=== Task description ===
Give back exactly the lines from the one that holds "Planche de Pilates" through the final line of the data; omit the pictures and add nothing.

Data entries:
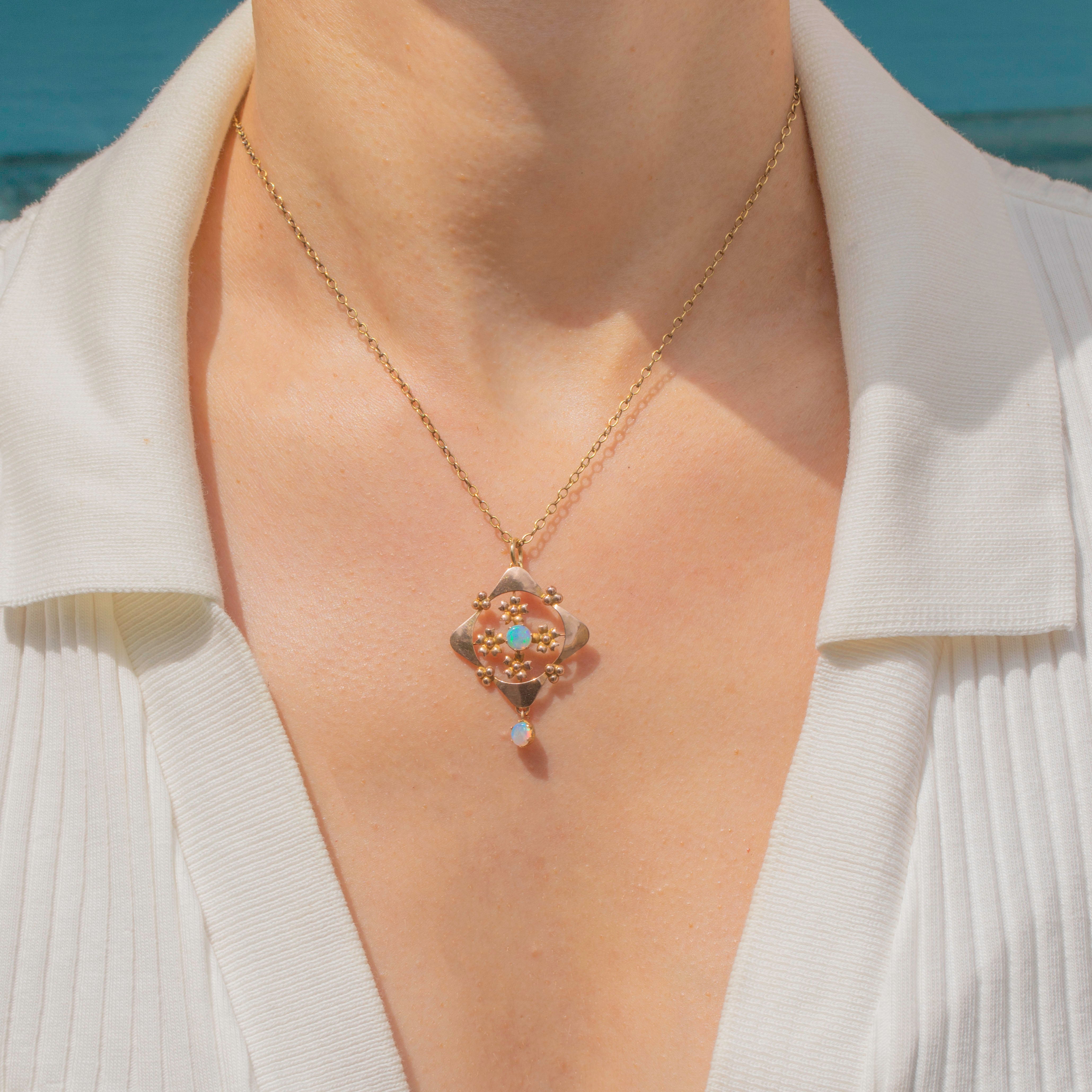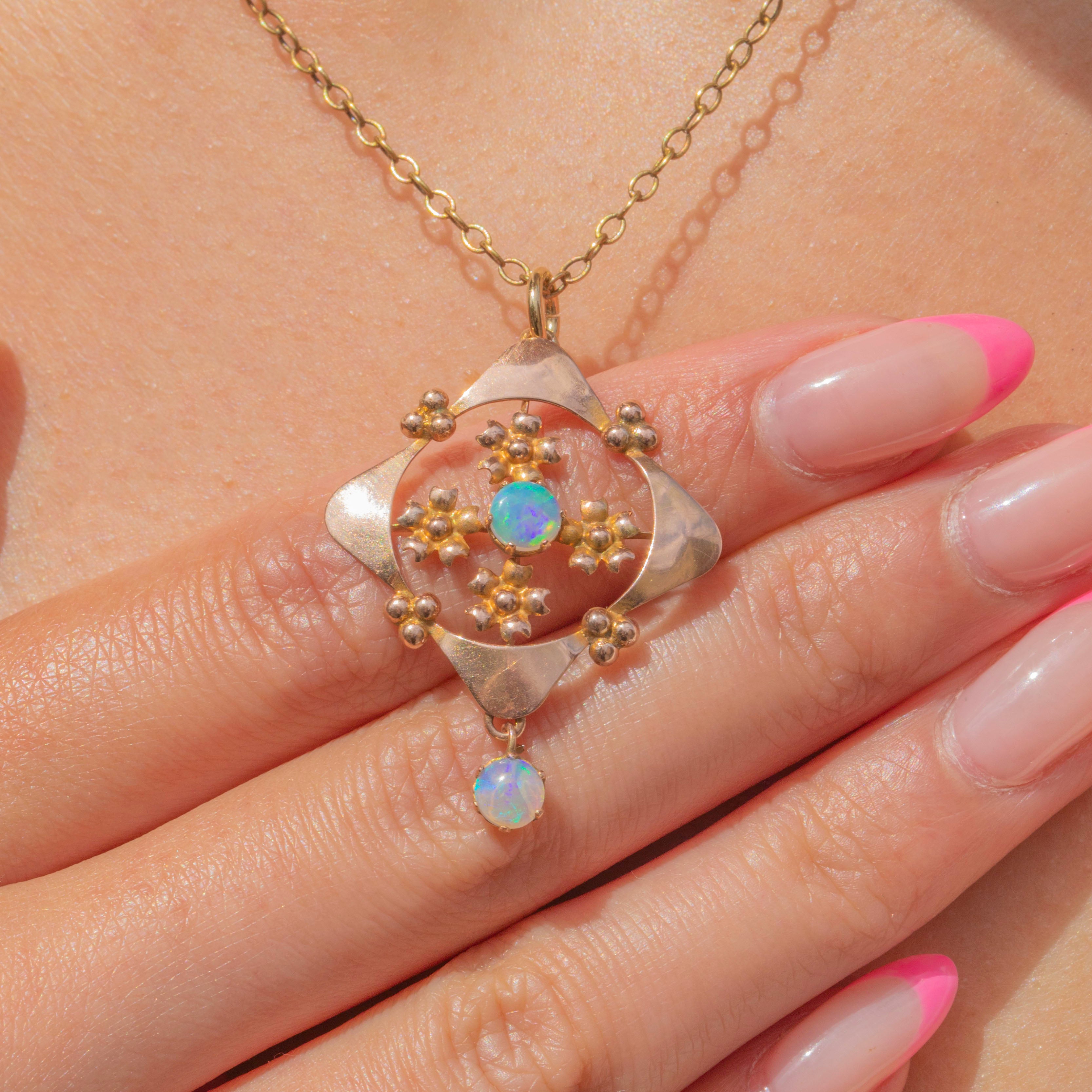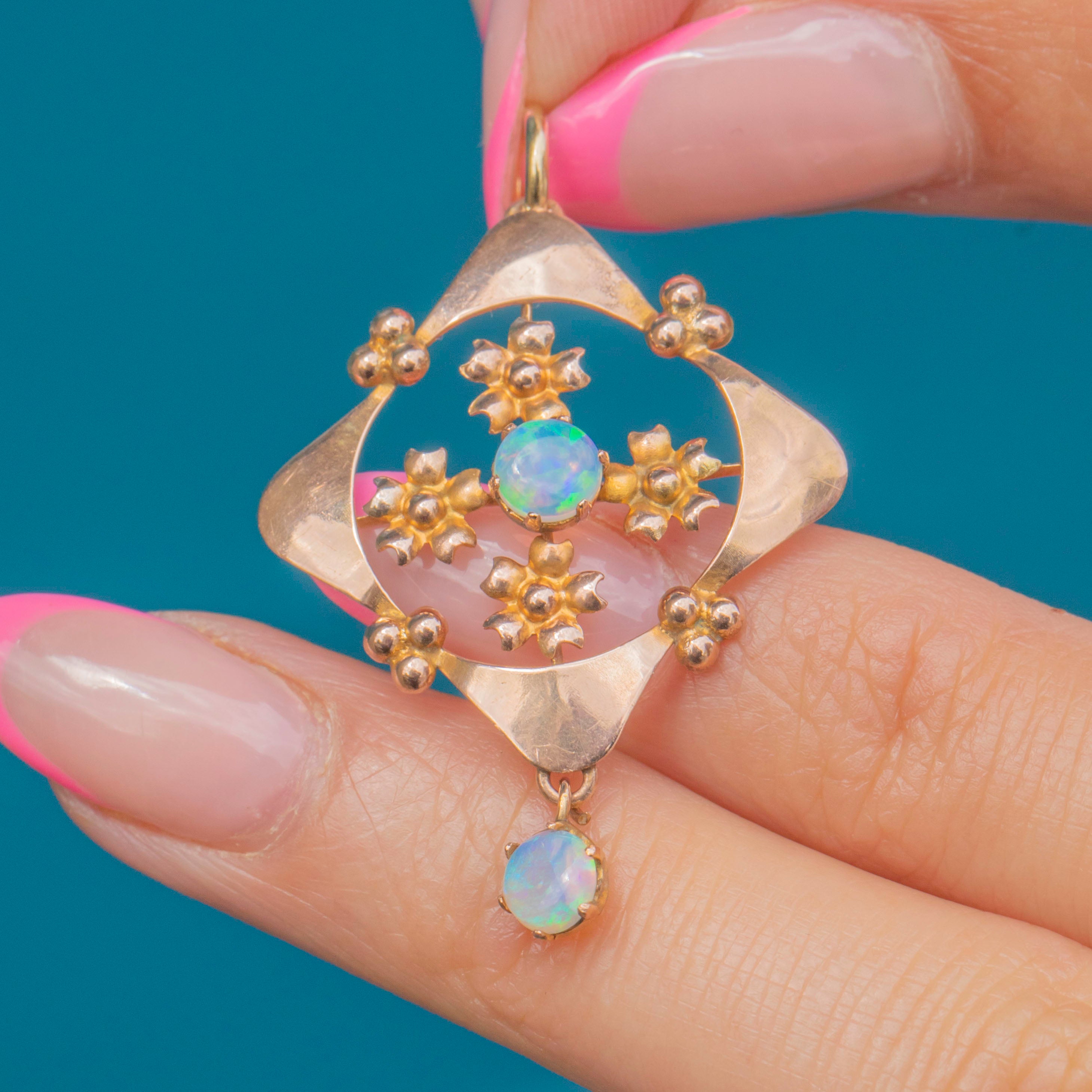 VERY GOOD-EXCELLENT: This adorable antique 9ct Gold Opal floral pendant is in great condition. Each Opal is radiant and sits securely in its settings. She has been crafted meticulously, with the Gold remaining glossy and lustrous. There are some spots of discolouration to the Gold on the back of the pendant, though this cannot be seen when wearing. With a securely soldered jump ring, this Edwardian pendant can be worn with utmost confidence.
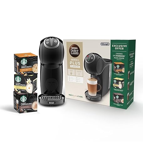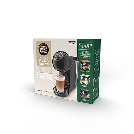 Thương hiệu NESCAFÉ DOLCE GUSTO là cái tên nổi tiếng được rất nhiều khách hàng trên thế giới chọn lựa. Với kiểu dáng đẹp mắt, sang trọng, sản phẩm De'Longhi Nescafe Dolce Gusto Genio S Plus Automatic Machine, Capsule Coffee Machine, Espresso Boost, Cappuccino, Energy Saving, Including 3 boxes Coffee Pods Starbucks, Black là sự lựa chọn hoàn hảo nếu bạn đang tìm mua một món cho riêng mình.
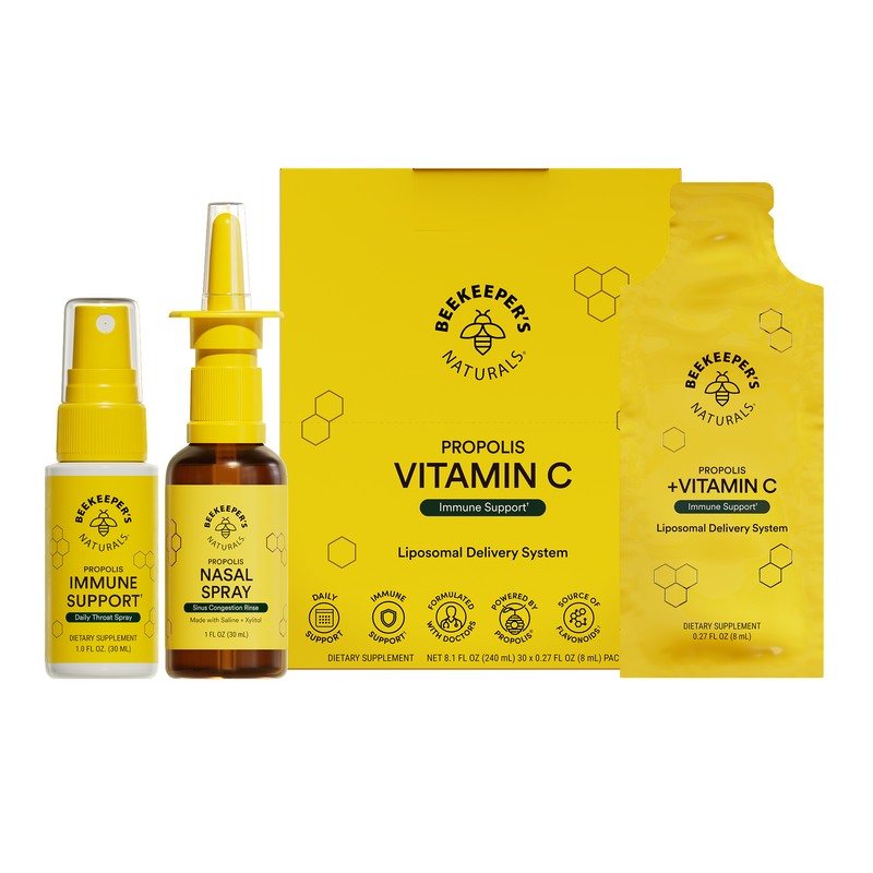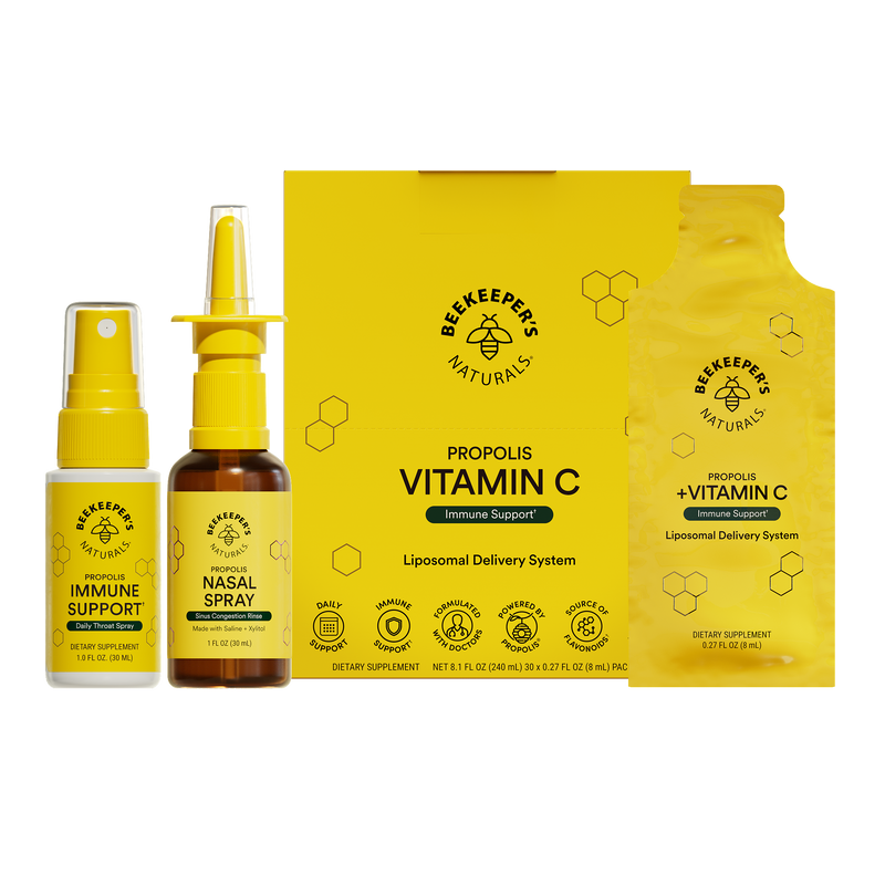 This bundle includes: Propolis Immune Support Spray (30mL), Vitamin C + Propolis Liposomal (30pk), Propolis Nasal Spray (30mL)
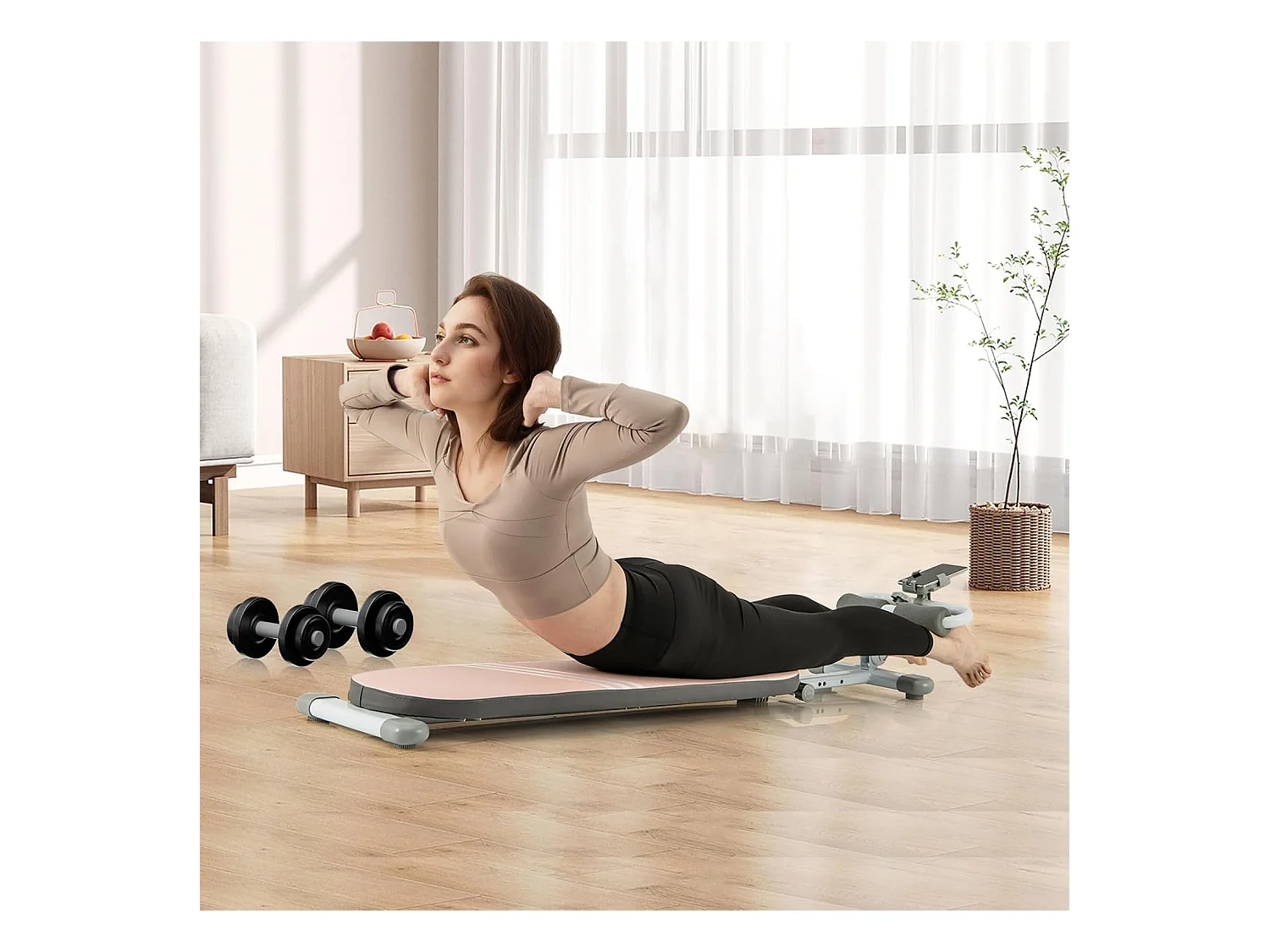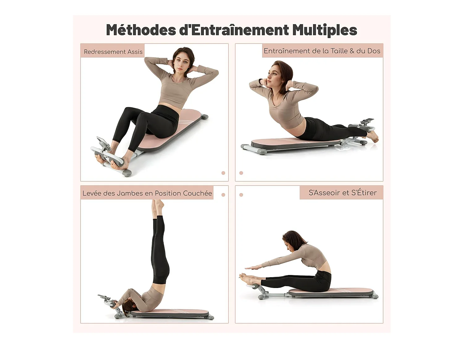 Planche de Pilates multifonction pliable MERACH, Bandes de résistance, entraînement Pilates et renforcement du tronc, rose
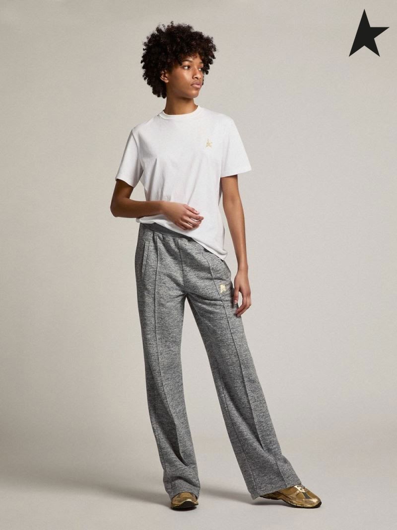 Zlatá Hus Biela Hviezda kolekcie T-shirt s star gold glitter na prednej biely

=== Written response ===
 Planche de Pilates multifonction pliable MERACH, Bandes de résistance, entraînement Pilates et renforcement du tronc, rose
 Zlatá Hus Biela Hviezda kolekcie T-shirt s star gold glitter na prednej biely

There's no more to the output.